=== Begin Enclosure ===

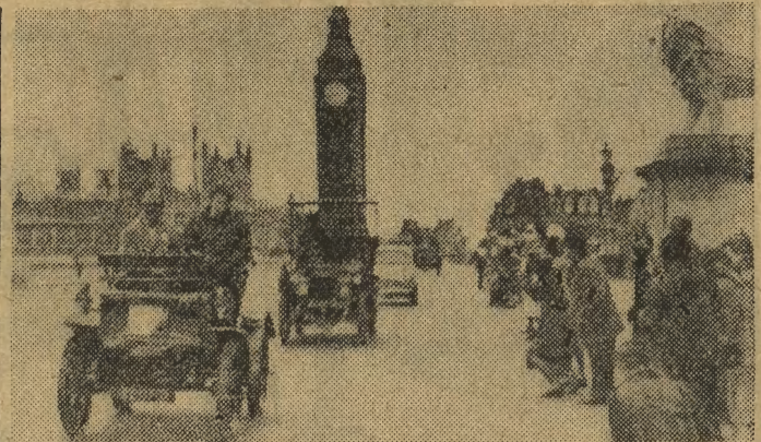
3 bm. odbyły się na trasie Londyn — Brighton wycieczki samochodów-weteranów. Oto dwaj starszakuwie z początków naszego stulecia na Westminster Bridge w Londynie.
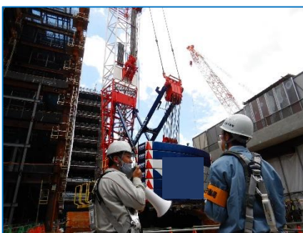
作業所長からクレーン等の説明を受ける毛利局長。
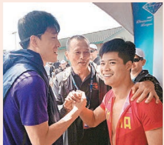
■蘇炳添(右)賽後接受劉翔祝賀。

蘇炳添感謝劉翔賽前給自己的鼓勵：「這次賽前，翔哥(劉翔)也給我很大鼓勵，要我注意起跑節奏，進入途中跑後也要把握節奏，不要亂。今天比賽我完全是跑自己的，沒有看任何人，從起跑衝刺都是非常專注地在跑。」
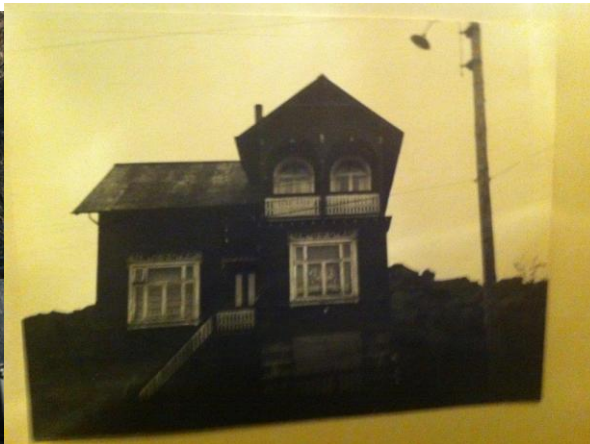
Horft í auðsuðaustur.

=== End Enclosure ===

WHAT YOU ARE ASKED TO DO
Print the listing word for word but skip its pictures.

TASK OUTPUT
3 bm. odbyły się na trasie Londyn — Brighton wycieczki samochodów-weteranów. Oto dwaj starszakuwie z początków naszego stulecia na Westminster Bridge w Londynie.
作業所長からクレーン等の説明を受ける毛利局長。
■蘇炳添(右)賽後接受劉翔祝賀。

蘇炳添感謝劉翔賽前給自己的鼓勵：「這次賽前，翔哥(劉翔)也給我很大鼓勵，要我注意起跑節奏，進入途中跑後也要把握節奏，不要亂。今天比賽我完全是跑自己的，沒有看任何人，從起跑衝刺都是非常專注地在跑。」
Horft í auðsuðaustur.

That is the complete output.